Low material flows into Toronto-area scrapyards led to a price adjustment in the region at the end of September ferrous scrap trade, with prime grades surging by C$32/nt ($24.20/nt), and cuts by C$40/nt on Tuesday.

 

In Toronto, the monthly Davis Index for #1 bundles increased C$32/nt to C$329/nt delivered consumer, while # 1 busheling rose by the same amount to C$327/nt delivered consumer. 

 

The monthly Davis Indexes in Toronto for HMS 1&2 (80:20) increased by C$40/nt to C$253/nt delivered consumer, while turnings surged by C$46/nt to C$210/nt delivered consumer.

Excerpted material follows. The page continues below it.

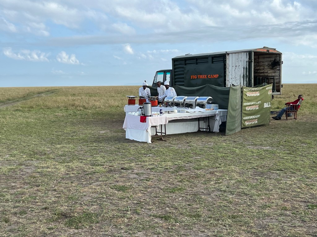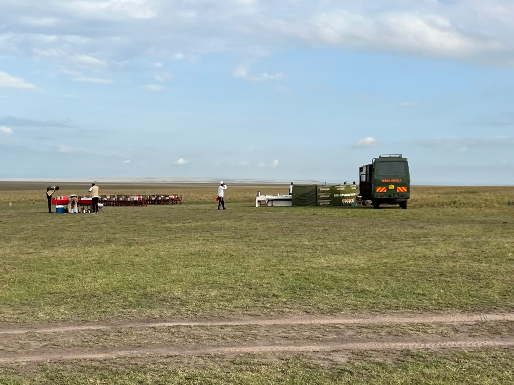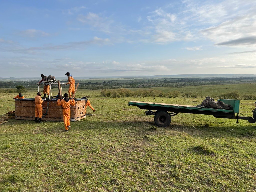 We landed inside Masai Mara reserve and were met by a truck (to transport the balloon back to camp) and several vehicles to drive us to breakfast.

P&S 5ft and shredded increased by C$40/nt to C$278/nt delivered consumer and C$328/nt delivered, respectively.

 

In Montreal, the monthly Davis Index for #1 busheling climbed by C$20/nt to C$275/nt delivered consumer, while machine shop turnings increased by C$30/nt to C$185/nt delivered consumer. 

 

The monthly Davis Index in Montreal for HMS 1&2 (80:20) increased to C$235/nt delivered consumer, while the P&S 5ft index rose to C$260/nt. The index for shredder feed in Montreal rose to C$180/nt delivered consumer.

 

September marked the second straight month of increases after COVID-19 pandemic-induced monthly declines in Canada’s ferrous scrap market. According to a market participant, steel mills are running at around 55-60pc capacity, but scrap flows have been low. The price adjustment should reverse that trend.

 

The torrid export market has also been responsible for the price increases this month. The weak US dollar has made Canadian ferrous scrap imports much cheaper, also contributing to the material scarcity.